### What is expected
Copy out the whole listing exactly as written, leaving the pictures behind.

### Given information

|---|

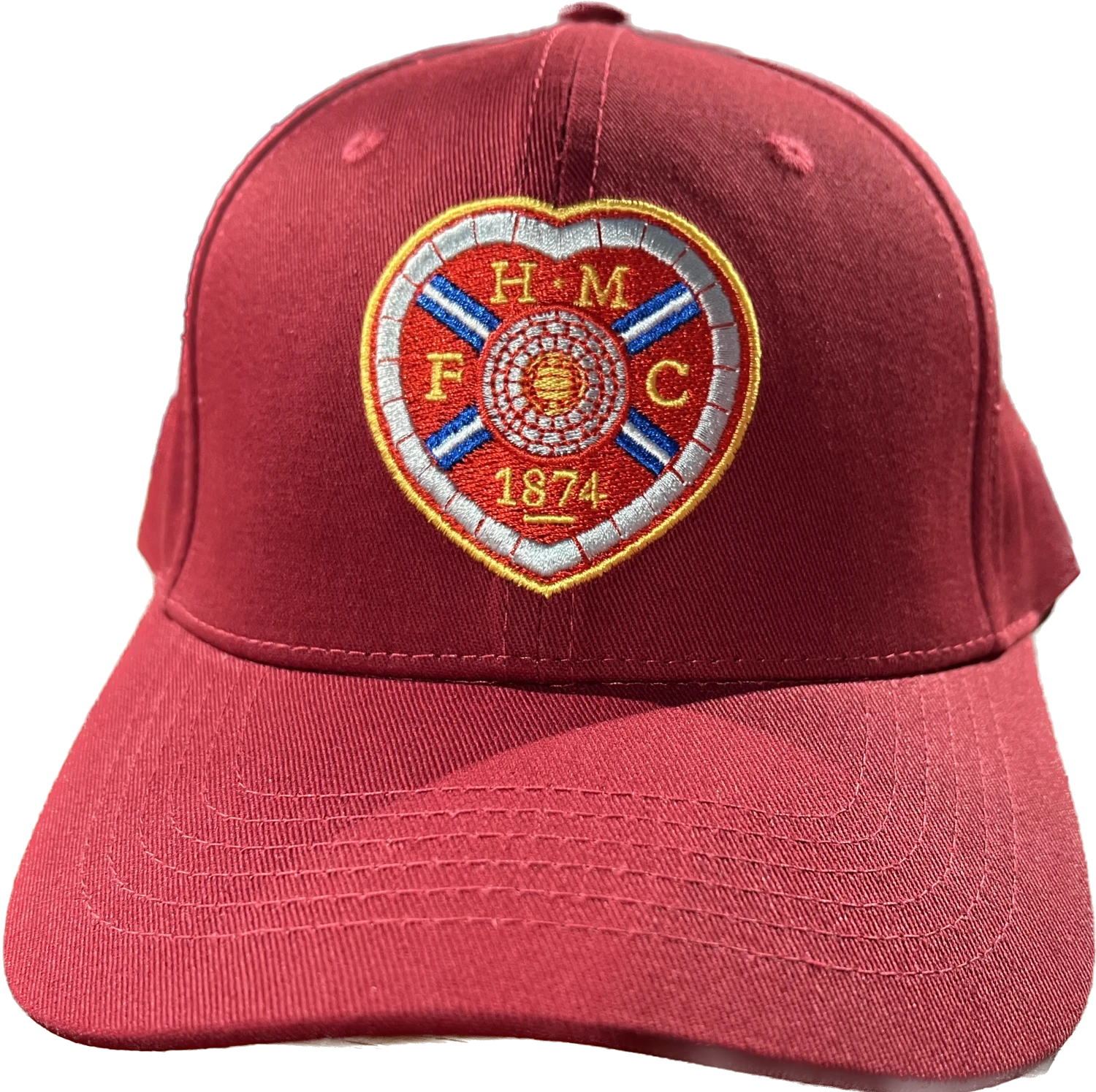 Maroon baseball cap with embroidered colored crest.
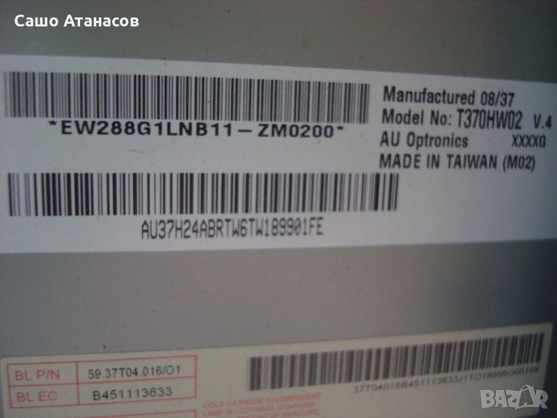 SAMSUNG LE37A550P1R с повредена матрица ,BN44-00157A ,BN41-01019A ,T370HW02 V402 ,VIT71037.50 REV:1
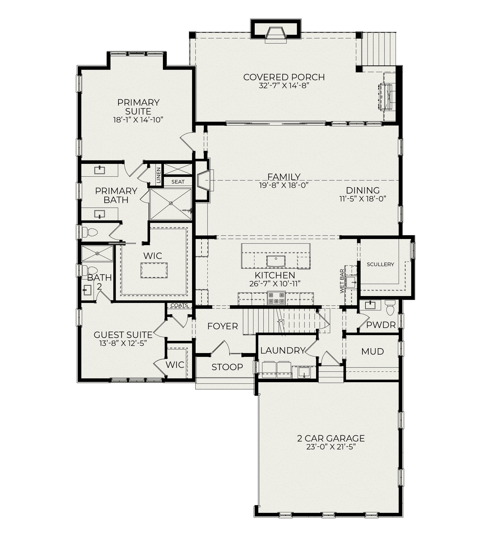 The Catherine Plan is a custom-designed and professionally staged home that blends elegance with everyday comfort. Featuring 4 bedrooms, 4 full baths, and 2 half baths, it offers spacious living and refined finishes throughout. The main floor includes a serene owner’s suite with a custom walk-in closet, a guest bedroom, and a gourmet kitchen with a scullery, mudroom, and laundry. Vaulted ceilings elevate the family and dining areas, while the upstairs includes a study, walk-in attic, and a rec room ideal for a golf simulator or media space. A covered back porch with a fireplace and beautifully lit landscaping complete this stunning home.
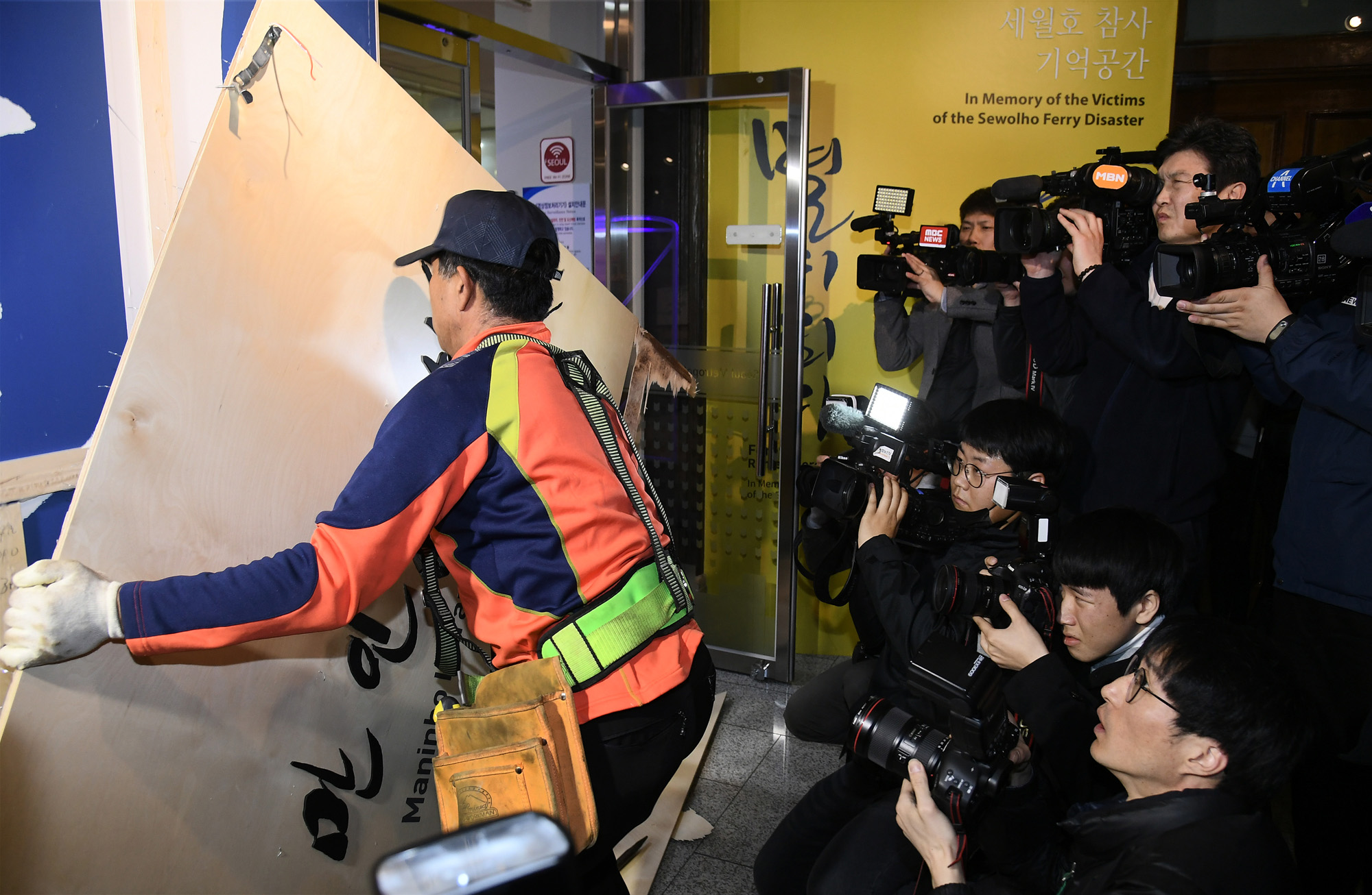 고은 시인이 후배 문인 성추행 의혹을 받고 있는 가운데 그의 집필 공간을 재현한 서울시 서울도서관 '만인의 방'이 12일 오전 철거되고 있다. 서울시 제공

|---|

### Output below
 Maroon baseball cap with embroidered colored crest.
 SAMSUNG LE37A550P1R с повредена матрица ,BN44-00157A ,BN41-01019A ,T370HW02 V402 ,VIT71037.50 REV:1
 The Catherine Plan is a custom-designed and professionally staged home that blends elegance with everyday comfort. Featuring 4 bedrooms, 4 full baths, and 2 half baths, it offers spacious living and refined finishes throughout. The main floor includes a serene owner’s suite with a custom walk-in closet, a guest bedroom, and a gourmet kitchen with a scullery, mudroom, and laundry. Vaulted ceilings elevate the family and dining areas, while the upstairs includes a study, walk-in attic, and a rec room ideal for a golf simulator or media space. A covered back porch with a fireplace and beautifully lit landscaping complete this stunning home.
 고은 시인이 후배 문인 성추행 의혹을 받고 있는 가운데 그의 집필 공간을 재현한 서울시 서울도서관 '만인의 방'이 12일 오전 철거되고 있다. 서울시 제공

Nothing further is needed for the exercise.